WORK ITEM
Make an exact copy of the lines from the one containing "Usar unos ½" through the end of the material, including both ends but no pictures.

COLLECTED MATERIAL
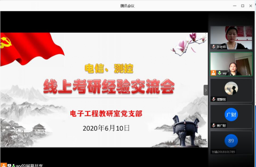 为进一步营造良好考研氛围,继续提升优质就业,帮助同学们明确考研目标,掌握考研技巧,了解更多考研信息,电子工程教研室党支部于2020年6月10日组织举办了“电信、测控专业线上考研经验交流会”主题党日活动。电子工程教研室党支部全体教师、5名考研录取同学和17、18级测控技术与仪器专业、电子信息工程专业约130余人通过腾讯会议参加了此次活动。
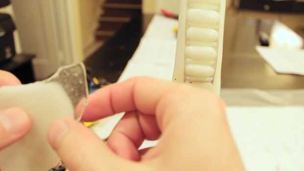 Usar unos ½ TB de plástico blanda de polly, rollo en sus manos como un gusano de pasta juego de vieja escuela y Envuélvala alrededor de la hoja. Lisa, Púlselo para dar una agradable forma cónica Lisa a justo por encima del rectángulo acanalado en el mango.
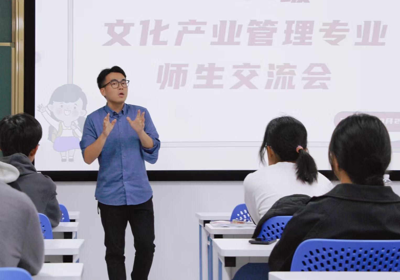 此次会议流程分为三个环节,刘振老师首先介绍此次专业交流会目的及专业教师的学科背景及研究领域。他强调本次师生见面会旨在加强师生交流,帮助学生们了解文化产业专业多元维度与学习方法,明确未来专业学习和发展预期。
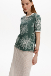 Базовый джемпер с короткими рукавами и воротником-стойкой из плотного однотонного трикотажа супрем с добавлением спандекса.

TASK ANSWER
 Usar unos ½ TB de plástico blanda de polly, rollo en sus manos como un gusano de pasta juego de vieja escuela y Envuélvala alrededor de la hoja. Lisa, Púlselo para dar una agradable forma cónica Lisa a justo por encima del rectángulo acanalado en el mango.
 此次会议流程分为三个环节,刘振老师首先介绍此次专业交流会目的及专业教师的学科背景及研究领域。他强调本次师生见面会旨在加强师生交流,帮助学生们了解文化产业专业多元维度与学习方法,明确未来专业学习和发展预期。
 Базовый джемпер с короткими рукавами и воротником-стойкой из плотного однотонного трикотажа супрем с добавлением спандекса.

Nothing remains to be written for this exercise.